TASK PROMPT
Word for word, copy out the records given below.

(Dataset items)
⁂

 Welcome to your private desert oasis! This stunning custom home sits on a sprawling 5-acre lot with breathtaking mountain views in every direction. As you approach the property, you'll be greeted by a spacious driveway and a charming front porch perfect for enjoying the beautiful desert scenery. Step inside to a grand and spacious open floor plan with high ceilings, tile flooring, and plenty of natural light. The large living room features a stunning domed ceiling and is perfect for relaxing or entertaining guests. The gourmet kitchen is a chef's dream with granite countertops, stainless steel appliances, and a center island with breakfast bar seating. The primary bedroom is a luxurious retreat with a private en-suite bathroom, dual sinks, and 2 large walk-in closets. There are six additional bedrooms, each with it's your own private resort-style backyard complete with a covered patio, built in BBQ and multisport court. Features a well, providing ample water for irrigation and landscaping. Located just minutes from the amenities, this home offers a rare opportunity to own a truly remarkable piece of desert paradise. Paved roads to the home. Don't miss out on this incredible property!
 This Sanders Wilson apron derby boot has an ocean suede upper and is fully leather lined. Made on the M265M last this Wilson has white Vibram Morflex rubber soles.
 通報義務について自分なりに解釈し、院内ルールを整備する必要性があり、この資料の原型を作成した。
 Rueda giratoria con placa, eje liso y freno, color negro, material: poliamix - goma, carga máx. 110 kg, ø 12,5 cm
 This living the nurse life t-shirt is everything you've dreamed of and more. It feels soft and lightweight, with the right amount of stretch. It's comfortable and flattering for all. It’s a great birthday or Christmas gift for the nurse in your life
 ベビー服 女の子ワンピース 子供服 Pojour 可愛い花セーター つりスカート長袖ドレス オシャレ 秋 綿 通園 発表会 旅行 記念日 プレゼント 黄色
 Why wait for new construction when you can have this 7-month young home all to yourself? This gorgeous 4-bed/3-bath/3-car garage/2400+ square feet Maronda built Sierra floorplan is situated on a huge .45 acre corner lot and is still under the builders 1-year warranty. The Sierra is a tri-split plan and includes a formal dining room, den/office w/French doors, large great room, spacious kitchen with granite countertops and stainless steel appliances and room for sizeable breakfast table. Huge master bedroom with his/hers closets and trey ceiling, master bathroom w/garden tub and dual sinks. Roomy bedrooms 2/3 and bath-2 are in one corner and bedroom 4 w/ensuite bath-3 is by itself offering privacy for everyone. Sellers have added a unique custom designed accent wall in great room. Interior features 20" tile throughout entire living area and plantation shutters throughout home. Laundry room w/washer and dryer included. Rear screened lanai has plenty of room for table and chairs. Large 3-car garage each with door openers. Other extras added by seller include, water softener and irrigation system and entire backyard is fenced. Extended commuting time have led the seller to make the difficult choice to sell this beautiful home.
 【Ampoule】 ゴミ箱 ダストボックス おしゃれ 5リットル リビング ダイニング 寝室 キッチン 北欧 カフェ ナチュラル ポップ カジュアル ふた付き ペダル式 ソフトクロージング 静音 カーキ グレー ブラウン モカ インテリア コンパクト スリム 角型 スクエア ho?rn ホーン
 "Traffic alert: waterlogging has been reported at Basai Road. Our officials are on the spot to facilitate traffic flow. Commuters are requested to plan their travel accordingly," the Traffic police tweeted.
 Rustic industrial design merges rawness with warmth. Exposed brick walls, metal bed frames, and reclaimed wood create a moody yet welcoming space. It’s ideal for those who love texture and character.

⁂

ANSWER
 Welcome to your private desert oasis! This stunning custom home sits on a sprawling 5-acre lot with breathtaking mountain views in every direction. As you approach the property, you'll be greeted by a spacious driveway and a charming front porch perfect for enjoying the beautiful desert scenery. Step inside to a grand and spacious open floor plan with high ceilings, tile flooring, and plenty of natural light. The large living room features a stunning domed ceiling and is perfect for relaxing or entertaining guests. The gourmet kitchen is a chef's dream with granite countertops, stainless steel appliances, and a center island with breakfast bar seating. The primary bedroom is a luxurious retreat with a private en-suite bathroom, dual sinks, and 2 large walk-in closets. There are six additional bedrooms, each with it's your own private resort-style backyard complete with a covered patio, built in BBQ and multisport court. Features a well, providing ample water for irrigation and landscaping. Located just minutes from the amenities, this home offers a rare opportunity to own a truly remarkable piece of desert paradise. Paved roads to the home. Don't miss out on this incredible property!
 This Sanders Wilson apron derby boot has an ocean suede upper and is fully leather lined. Made on the M265M last this Wilson has white Vibram Morflex rubber soles.
 通報義務について自分なりに解釈し、院内ルールを整備する必要性があり、この資料の原型を作成した。
 Rueda giratoria con placa, eje liso y freno, color negro, material: poliamix - goma, carga máx. 110 kg, ø 12,5 cm
 This living the nurse life t-shirt is everything you've dreamed of and more. It feels soft and lightweight, with the right amount of stretch. It's comfortable and flattering for all. It’s a great birthday or Christmas gift for the nurse in your life
 ベビー服 女の子ワンピース 子供服 Pojour 可愛い花セーター つりスカート長袖ドレス オシャレ 秋 綿 通園 発表会 旅行 記念日 プレゼント 黄色
 Why wait for new construction when you can have this 7-month young home all to yourself? This gorgeous 4-bed/3-bath/3-car garage/2400+ square feet Maronda built Sierra floorplan is situated on a huge .45 acre corner lot and is still under the builders 1-year warranty. The Sierra is a tri-split plan and includes a formal dining room, den/office w/French doors, large great room, spacious kitchen with granite countertops and stainless steel appliances and room for sizeable breakfast table. Huge master bedroom with his/hers closets and trey ceiling, master bathroom w/garden tub and dual sinks. Roomy bedrooms 2/3 and bath-2 are in one corner and bedroom 4 w/ensuite bath-3 is by itself offering privacy for everyone. Sellers have added a unique custom designed accent wall in great room. Interior features 20" tile throughout entire living area and plantation shutters throughout home. Laundry room w/washer and dryer included. Rear screened lanai has plenty of room for table and chairs. Large 3-car garage each with door openers. Other extras added by seller include, water softener and irrigation system and entire backyard is fenced. Extended commuting time have led the seller to make the difficult choice to sell this beautiful home.
 【Ampoule】 ゴミ箱 ダストボックス おしゃれ 5リットル リビング ダイニング 寝室 キッチン 北欧 カフェ ナチュラル ポップ カジュアル ふた付き ペダル式 ソフトクロージング 静音 カーキ グレー ブラウン モカ インテリア コンパクト スリム 角型 スクエア ho?rn ホーン
 "Traffic alert: waterlogging has been reported at Basai Road. Our officials are on the spot to facilitate traffic flow. Commuters are requested to plan their travel accordingly," the Traffic police tweeted.
 Rustic industrial design merges rawness with warmth. Exposed brick walls, metal bed frames, and reclaimed wood create a moody yet welcoming space. It’s ideal for those who love texture and character.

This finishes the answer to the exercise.